For WhereTu the journey started a long time ago. The founder of WhereTu has moved between three continents more than fourteen times. Each time learning all about the process, visa, culture, and communities through Google and trial and error by herself. WhereTu is the answer for people relocating and starting over in a new country where people who have been through the relocation process help the ones going through it right now.

That pattern shows up again and again in early-stage companies that survive long enough to become real. The original idea comes from something deeply understood. The founder doesn’t need to guess what the problem feels like, because they remember it.

Readcord is not really about audio files. It’s about presence. It’s about a grandparent who can’t always be there at bedtime, but still wants to show up in a child’s life in a way that feels warm and human.

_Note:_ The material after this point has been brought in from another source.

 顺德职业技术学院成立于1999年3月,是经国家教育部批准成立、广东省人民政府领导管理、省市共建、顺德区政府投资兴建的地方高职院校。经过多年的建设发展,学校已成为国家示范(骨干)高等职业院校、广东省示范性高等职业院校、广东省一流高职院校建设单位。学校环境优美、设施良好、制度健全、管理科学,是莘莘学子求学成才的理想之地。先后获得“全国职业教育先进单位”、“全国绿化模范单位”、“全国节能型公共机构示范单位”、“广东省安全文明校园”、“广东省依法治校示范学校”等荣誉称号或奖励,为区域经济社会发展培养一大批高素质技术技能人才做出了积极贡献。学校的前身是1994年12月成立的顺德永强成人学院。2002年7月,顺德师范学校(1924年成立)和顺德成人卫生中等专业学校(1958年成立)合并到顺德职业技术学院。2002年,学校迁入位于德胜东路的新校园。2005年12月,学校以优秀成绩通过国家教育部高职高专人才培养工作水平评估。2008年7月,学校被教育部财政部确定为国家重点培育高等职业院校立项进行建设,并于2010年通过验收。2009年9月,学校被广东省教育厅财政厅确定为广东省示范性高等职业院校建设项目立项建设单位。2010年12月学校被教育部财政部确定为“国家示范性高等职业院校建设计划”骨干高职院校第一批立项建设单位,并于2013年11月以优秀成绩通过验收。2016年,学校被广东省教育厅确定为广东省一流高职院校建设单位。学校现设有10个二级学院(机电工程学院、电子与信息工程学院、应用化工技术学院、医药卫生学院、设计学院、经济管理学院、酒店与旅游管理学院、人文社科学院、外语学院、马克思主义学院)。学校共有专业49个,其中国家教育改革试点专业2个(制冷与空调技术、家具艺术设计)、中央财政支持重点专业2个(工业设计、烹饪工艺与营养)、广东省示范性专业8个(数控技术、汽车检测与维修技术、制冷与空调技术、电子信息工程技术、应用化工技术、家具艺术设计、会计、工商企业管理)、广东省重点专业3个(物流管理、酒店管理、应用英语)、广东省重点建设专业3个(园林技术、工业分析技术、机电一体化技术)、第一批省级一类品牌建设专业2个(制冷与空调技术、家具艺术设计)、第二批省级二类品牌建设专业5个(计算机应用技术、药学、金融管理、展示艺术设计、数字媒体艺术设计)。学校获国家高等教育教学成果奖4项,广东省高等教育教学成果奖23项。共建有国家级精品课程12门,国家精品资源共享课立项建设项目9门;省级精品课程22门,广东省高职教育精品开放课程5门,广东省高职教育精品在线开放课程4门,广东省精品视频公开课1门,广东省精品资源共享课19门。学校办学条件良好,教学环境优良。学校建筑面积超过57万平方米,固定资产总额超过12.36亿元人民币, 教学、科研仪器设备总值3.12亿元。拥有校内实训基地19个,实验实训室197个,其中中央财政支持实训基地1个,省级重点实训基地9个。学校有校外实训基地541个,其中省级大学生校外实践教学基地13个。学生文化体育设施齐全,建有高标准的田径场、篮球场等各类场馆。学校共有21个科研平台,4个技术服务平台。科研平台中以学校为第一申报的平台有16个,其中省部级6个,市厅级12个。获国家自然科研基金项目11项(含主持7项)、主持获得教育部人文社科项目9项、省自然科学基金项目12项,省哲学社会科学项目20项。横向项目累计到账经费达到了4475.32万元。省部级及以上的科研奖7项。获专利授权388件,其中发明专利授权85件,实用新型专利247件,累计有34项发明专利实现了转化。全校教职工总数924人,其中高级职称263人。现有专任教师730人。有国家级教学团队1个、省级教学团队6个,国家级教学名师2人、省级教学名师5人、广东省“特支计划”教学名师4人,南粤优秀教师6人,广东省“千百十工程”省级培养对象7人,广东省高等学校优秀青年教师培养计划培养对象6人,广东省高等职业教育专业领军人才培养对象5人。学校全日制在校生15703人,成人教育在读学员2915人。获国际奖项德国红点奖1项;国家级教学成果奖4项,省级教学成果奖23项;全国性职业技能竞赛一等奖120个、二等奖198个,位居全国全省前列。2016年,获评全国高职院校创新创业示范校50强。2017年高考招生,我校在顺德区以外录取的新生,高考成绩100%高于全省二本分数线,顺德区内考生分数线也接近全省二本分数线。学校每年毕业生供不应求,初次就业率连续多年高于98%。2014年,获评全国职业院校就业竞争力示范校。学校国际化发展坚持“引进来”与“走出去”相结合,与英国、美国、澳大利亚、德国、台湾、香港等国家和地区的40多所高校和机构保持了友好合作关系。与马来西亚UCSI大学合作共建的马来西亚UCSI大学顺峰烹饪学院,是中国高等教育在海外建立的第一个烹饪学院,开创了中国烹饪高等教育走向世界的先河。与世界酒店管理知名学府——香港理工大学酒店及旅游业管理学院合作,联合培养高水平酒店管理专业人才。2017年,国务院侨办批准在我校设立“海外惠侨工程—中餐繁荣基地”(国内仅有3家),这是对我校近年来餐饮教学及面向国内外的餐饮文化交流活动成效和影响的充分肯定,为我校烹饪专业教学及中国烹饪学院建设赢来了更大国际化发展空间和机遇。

WhereTu is not really about moving logistics. It’s about the stress of being new somewhere. The feeling of not knowing how things work, not knowing who to ask, and not having anyone around you who can translate the culture. 

Most people thinking about starting a business from scratch usually expect some clean sequence they have heard in class. Most successful companies start with a personal problem that won’t let go. Look at the story of DropBox or Uber. These founders thought if I struggled with this, other people probably do too. They all start with a landing page leading to a few conversations, prototype, one user, one payment. 

The lesson is not to build what you struggled with. The lesson is to begin with your own problems, perhaps one that revolves around empathy. These two companies are proof that the best businesses often start as someone trying to help the version of themselves that used to need help.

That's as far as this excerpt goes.